Over the years many conservative commentators have expressed misgivings about some of the High Court judgments made during Sir Anthony's tenure as Chief Justice. (He was appointed to the High Court in 1972 by an ALP government and was appointed Chief Justice during Bob Hawke's Prime Ministership.)
Regardless Sir Anthony's brief speech at the conference showed how valuable it is to have someone with his razor sharp intellect looking at financial services and the government regulatory environment that influences so much industry behaviour.
The journalist Peter Ryan once wrote that the great Doctor Johnson defined someone who was in "want of genuine depth, gravitas and discretion" as lacking "bottom". Perhaps the steeple is a relatively easy jump but one could hardly say this applies to Sir Anthony.
Sir Anthony's talk covered a broad canvas of issues about specific financial services industry problems and "the importance of professionalism".
He quotes one industry commentator who believes that ASIC needs to "seek a court ruling on what constitutes 'appropriate advice'.
"What constitutes 'appropriate advice' is a fact dependent question. So there can be no guarantee that a single court decision will provide comprehensive guidance. Even so, a court decision can call attention, in an instructive way, to salient factors.
"Indeed, one court decision has already done so, though in a special context. It is the decision of Debelle J. in Tip Top Dry Cleaners Pty. Ltd. v Mackintosh ... in considering the scope of the duty of the accountants and financial advisers in advising Tip Top, Debelle J. said:
'the scope of the duty depends on the client's need for advice. Thus, the scope of the duty which (the senior partner of the accounting firm and the accounting firm) owed to Tip Top included the duty to give advice which Tip Top appeared to need ... whether or not it had been specifically requested.'
"That duty included 'a duty to give comprehensive advice ... which touched on all relevant matters' ".
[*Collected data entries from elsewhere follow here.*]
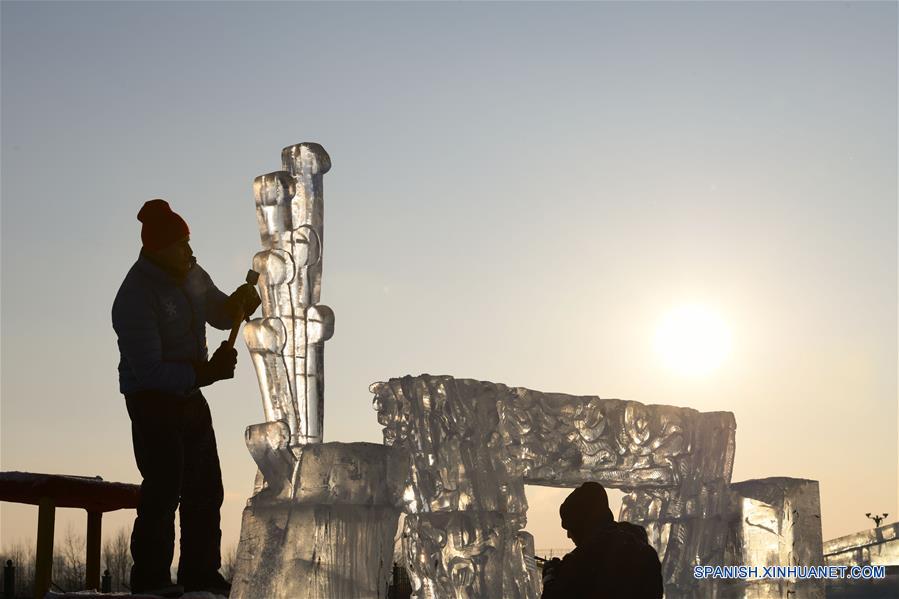 HEILONGJIANG, enero 2, 2019 (Xinhua) -- Una persona talla una escultura de hielo durante un concurso internacional de escultura de hielo, en Harbin, capital de la provincia de Heilongjiang, en el noreste de China, el 2 de enero de 2019. Un total de 16 equipos de 12 países y regiones participaron en el evento. (Xinhua/Wang Jianwei)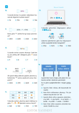 göre + + işleminin sonucu kaçtır? D) Kars ilinin nüfus sayısının çözümlenme-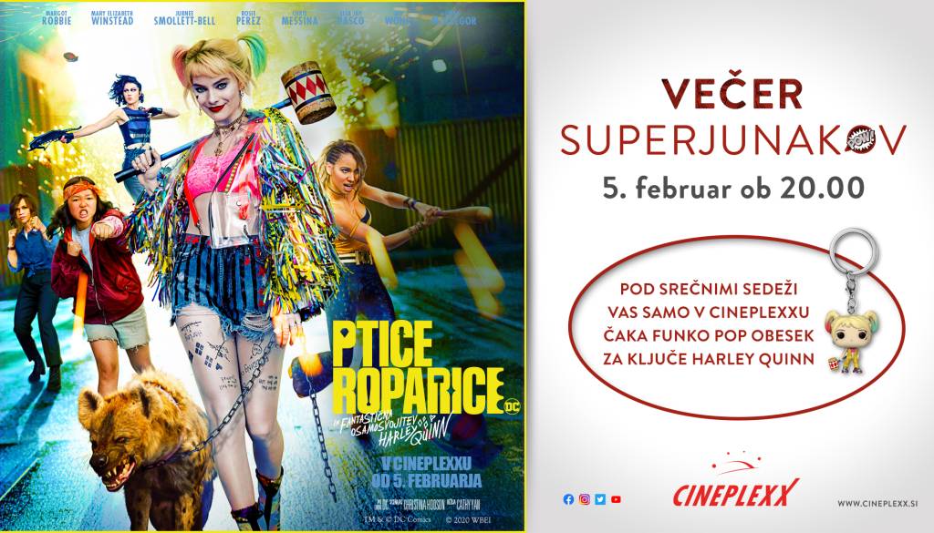 Februar bomo v Cineplexxu Maribor začeli z Večerom Superjunakov in filmom Ptice roparice in fantastična osamosvojitev Harley Quinn. Pridružite se nam v sredo, 5. februarja ob 20:00. Pod srečnimi sedeži vas bodo samo v Cineplexxu čakali Funko Pop obeski za ključe z motivom Harley Quinn.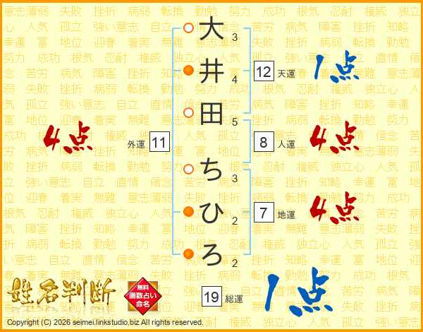 大井田ちひろさんの地運は7画の4点!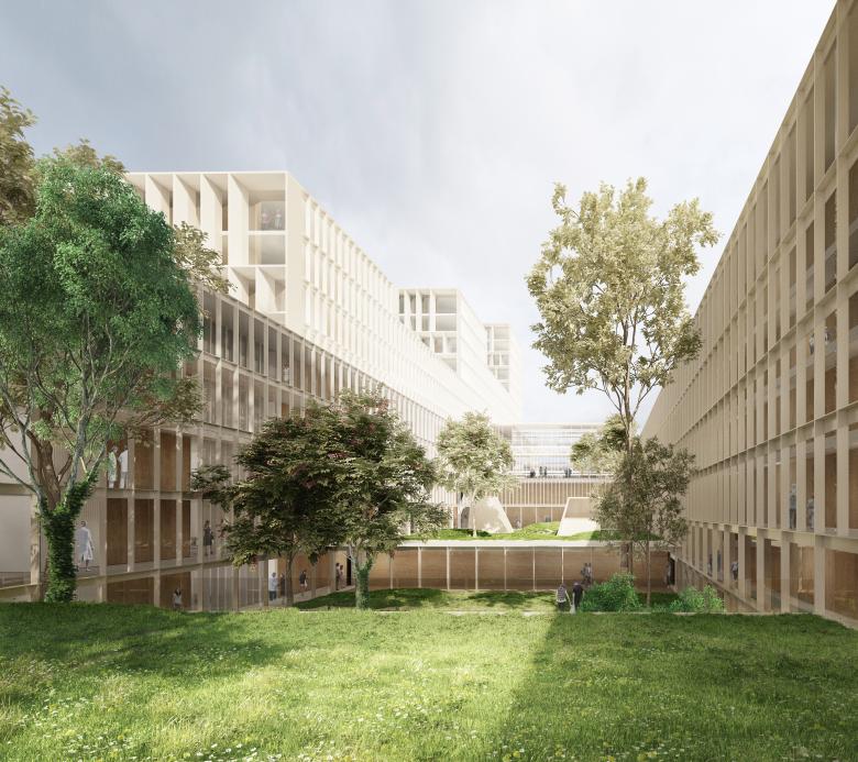The centre is extended to the south and west with a new teaching and research building. The key point of this intervention is the creation of a large access plaza that connects the different hospital functions and that will become a climate and health garden. The project is organized in blocks, parallel to the slope, changing in height, thus fragmenting the total volumetric configuration of the building, so that it adapts and responds to the environment.

As most of us are aware, there are many court, tribunal and other cases involving the giving of advice. Most of these cases however revolve around old law and it is often difficult to comprehend which principles survive in revised laws. It simply takes too long for court cases to be finalised.
Sir Anthony also mentioned the matter of PI Insurance. "Compulsory professional indemnity has been made a requirement for financial planners. But we do not yet know whether the regime is working effectively, particularly with respect to the availability of adequate insurance cover. ASIC is looking into the matter. The issue is of crucial importance; already investors are resorting to litigation through class actions and they are supported by litigation funders."
It is worth pointing out that Paul Slattery QC mentioned in his talk to the SPAA Conference that one of his colleagues who specialises in insurance matters spends many hours dealing with cases involving insurers denying liability because they argue that certain actions were not covered by the insurance contract.
It is appropriate to conclude this article with the final paragraph of Sir Anthony's speech, "There is reason to believe that with the increasing focus on education and the increased availability of relevant information, the standard of literacy of SMSF trustees and auditors will improve. It is also to be hoped that the quality of advice given to participants in the superannuation industry by financial planners and advisers will improve. But it is impossible to believe that existing problems in the industry and the wider investment industry will be resolved in the absence of substantial reforms and a greater insistence on higher professional and ethical standards by all those who participate in the corporate world and the financial services industry."
Will the industry respond to this challenge in its usual fashion?